Kethüdası Börklüce ile savaşçısı Torlak Kemal’in öldürülme haberi, kesilmiş kellelerinin bir sandukanın içinde gönderilmesi Bedreddin’i derinden sarstı, etkiledi. Bunun üzerine “Ben nerede yanlış yaptım” diyerek tefekküre düşer. “Ben hep söyledim, eylemedim” diyerek eylemi, kıyamını büyütür.

Çünkü eylem adamları, yazmaktan çok yapmak üzerine bir yaşam kurmuşlardır. Onun yaptıklarını peygamberlerin yaptıklarıyla kıyaslıyabiliriz. Ne ki, peygamberler eylemlerini öbür dünya için kurmuşlarken Bedreddin, eylemini yaşanan gerçek dünya üzerine kurmuştur. Asena’ya göre Bedreddin, herkesin ortak sofradan yiyeceği bir dünya düşlemişti. (Asena, s.6-13). Böyle bir dünyada yârin yanağından başka her şey ortak olacaktı. Kardeşçesine bölüşülen bir dünya… Ancak özel mülkiyetin egemen olduğu bir düzende kardeşlerin ortak olduğu tek şey ana karnıdır. O da istenmeden edinilmiş bir ortaklık[3].

Bedreddin onca saygınlığına ve etkinliğine rağmen bir maddi güç peşinde koşmamıştır. O dönemin modası herhangi bir tarikatın sahibi olsaydı, o da düzenin çıkarlarına kapılır, istediği olanakları elde ederdi.

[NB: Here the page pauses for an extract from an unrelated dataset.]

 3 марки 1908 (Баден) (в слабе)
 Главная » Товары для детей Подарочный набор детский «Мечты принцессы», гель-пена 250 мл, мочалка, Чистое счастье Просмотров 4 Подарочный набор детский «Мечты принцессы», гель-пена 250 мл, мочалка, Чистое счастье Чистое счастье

Bedreddin, böyle yapmamış, halkını eyleme geçirerek, haksızlığı düzeltmesini sağlamaya çalışmıştır.

Ne ki sarayın hile ve desiseleriyle ve asimetrik gücüyle baş edememiştir. Mehmet Çelebi’nin tımar sahiplerini yanına çekmek için onlara tekrar tımarlarını geri vereceği vaatleri Bedreddin’in örgütlemesini zora sokar ve etrafındakiler hızla dağılır. Sadece yakın müritleri ve dervişleri kalır etrafında. Sarayın derviş kılığına sokup gönderdiği ajanlarca ihbar edilir. Osmanlıda oyun bitmez. Sonunda Osmanlı ve Beyazıt Paşa çeşitli hilelerle Bedreddin’i derdest edip, Serez’e getirirler.

Rivayet odur ki ilk karşılaştıklarında padişah Bedreddin’e sorar: “Neden benzin sararmış?” Bedreddin yanıtlar, “Güneş de batarken sarıdır.” (Taş, 2016.120)

 

5.SEREZ’DEKİ DARAĞACI

Tutup gözlerinden güneşi attılar bir kuyuya tepe taklak

İdamlık oldu bütün gölgeler

Kanar hala o gün bu gündür/Kanlı kaftanı Bedreddin’in.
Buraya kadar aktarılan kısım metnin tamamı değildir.